EXCERPTED DATA –
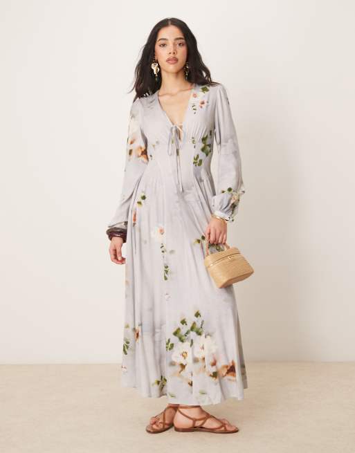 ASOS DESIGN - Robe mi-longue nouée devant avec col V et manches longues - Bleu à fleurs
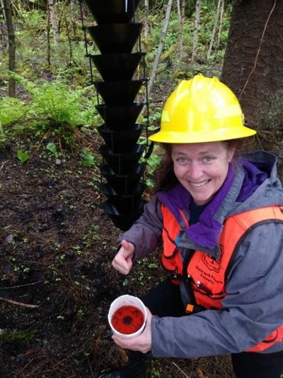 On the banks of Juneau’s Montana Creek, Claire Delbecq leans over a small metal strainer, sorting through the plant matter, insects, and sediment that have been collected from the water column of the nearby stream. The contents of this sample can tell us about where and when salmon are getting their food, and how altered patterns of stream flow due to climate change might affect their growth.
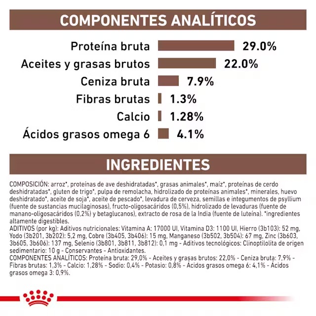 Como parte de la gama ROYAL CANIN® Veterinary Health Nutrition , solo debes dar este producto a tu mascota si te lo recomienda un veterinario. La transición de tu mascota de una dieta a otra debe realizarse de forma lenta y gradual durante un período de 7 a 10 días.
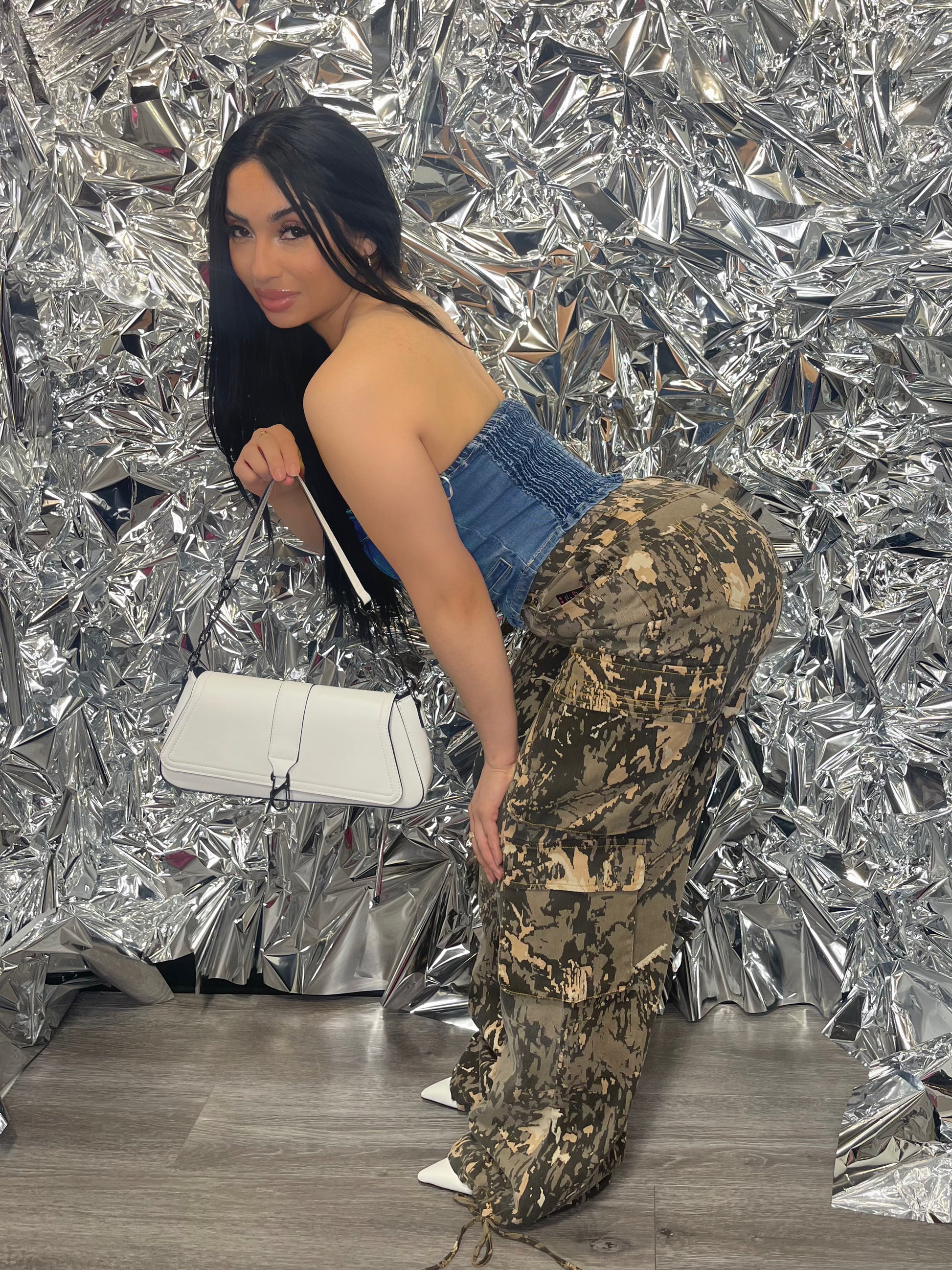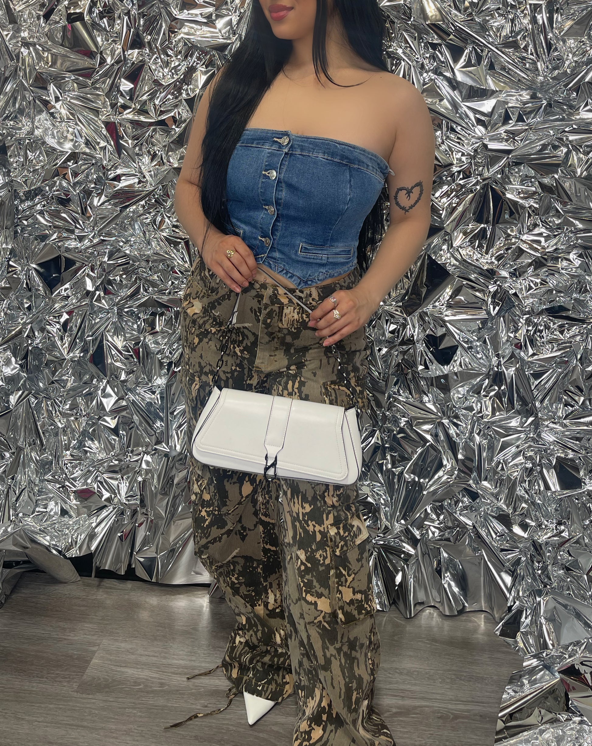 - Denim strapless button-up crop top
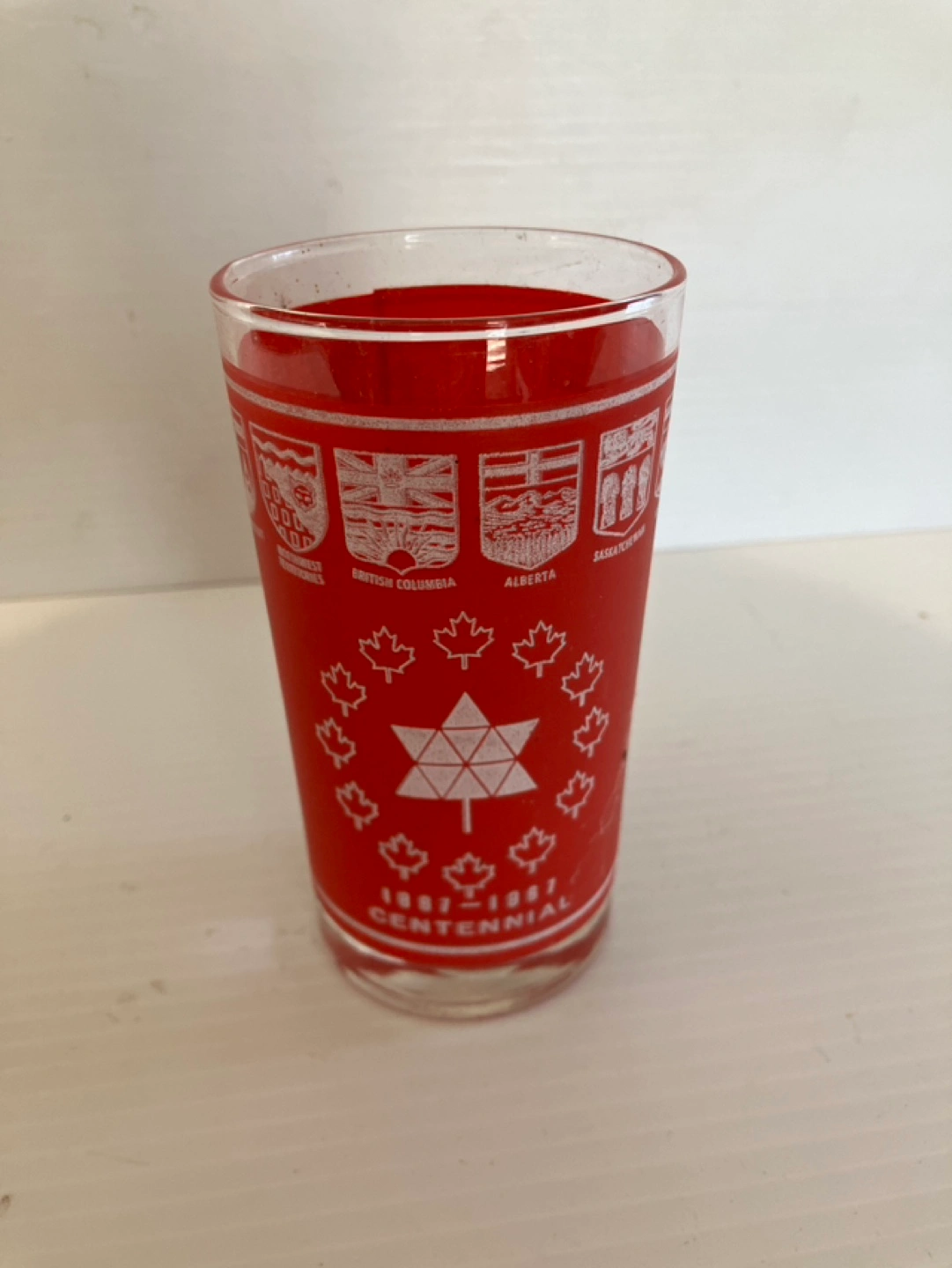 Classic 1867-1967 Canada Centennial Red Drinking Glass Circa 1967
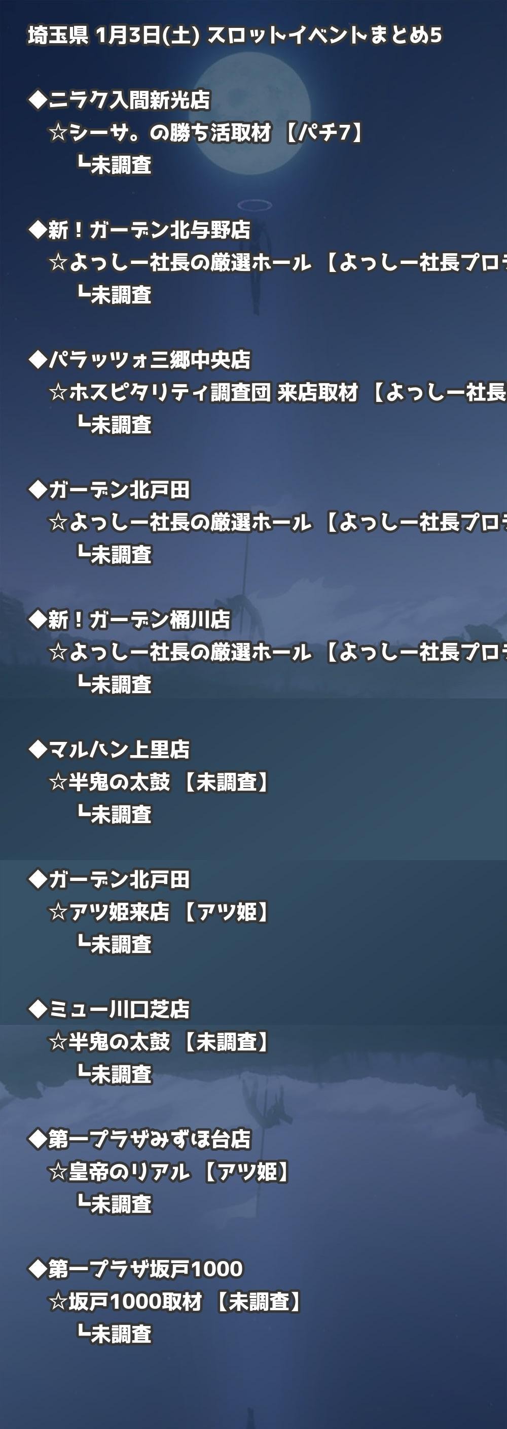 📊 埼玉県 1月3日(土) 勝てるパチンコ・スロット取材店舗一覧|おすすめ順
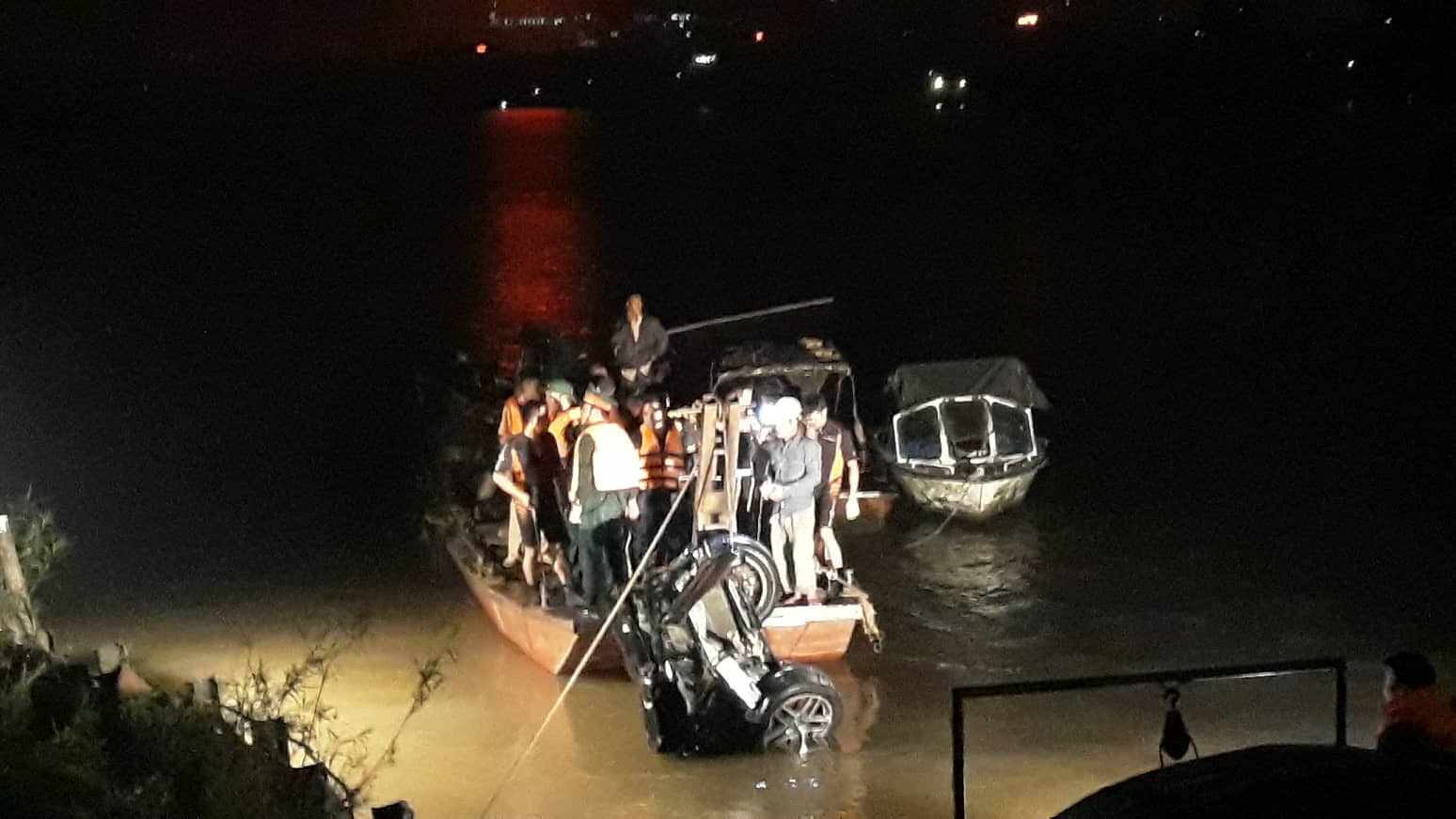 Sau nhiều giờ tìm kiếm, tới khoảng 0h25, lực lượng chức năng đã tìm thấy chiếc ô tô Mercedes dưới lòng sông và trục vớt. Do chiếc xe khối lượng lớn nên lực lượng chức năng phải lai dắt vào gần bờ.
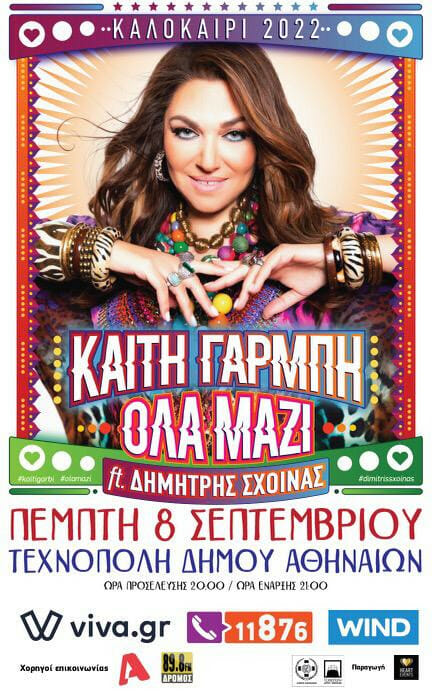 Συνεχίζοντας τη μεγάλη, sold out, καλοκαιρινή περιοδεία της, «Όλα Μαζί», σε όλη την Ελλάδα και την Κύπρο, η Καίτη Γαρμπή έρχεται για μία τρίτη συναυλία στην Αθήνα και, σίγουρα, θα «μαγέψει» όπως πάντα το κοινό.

WHAT THIS TASK INVOLVES – From the line that contains "- Denim strapless button-up crop top" to the end of the material above, output every line exactly, both ends included, but leave out any pictures.

WRITTEN ANSWER –
 - Denim strapless button-up crop top
 Classic 1867-1967 Canada Centennial Red Drinking Glass Circa 1967
 📊 埼玉県 1月3日(土) 勝てるパチンコ・スロット取材店舗一覧|おすすめ順
 Sau nhiều giờ tìm kiếm, tới khoảng 0h25, lực lượng chức năng đã tìm thấy chiếc ô tô Mercedes dưới lòng sông và trục vớt. Do chiếc xe khối lượng lớn nên lực lượng chức năng phải lai dắt vào gần bờ.
 Συνεχίζοντας τη μεγάλη, sold out, καλοκαιρινή περιοδεία της, «Όλα Μαζί», σε όλη την Ελλάδα και την Κύπρο, η Καίτη Γαρμπή έρχεται για μία τρίτη συναυλία στην Αθήνα και, σίγουρα, θα «μαγέψει» όπως πάντα το κοινό.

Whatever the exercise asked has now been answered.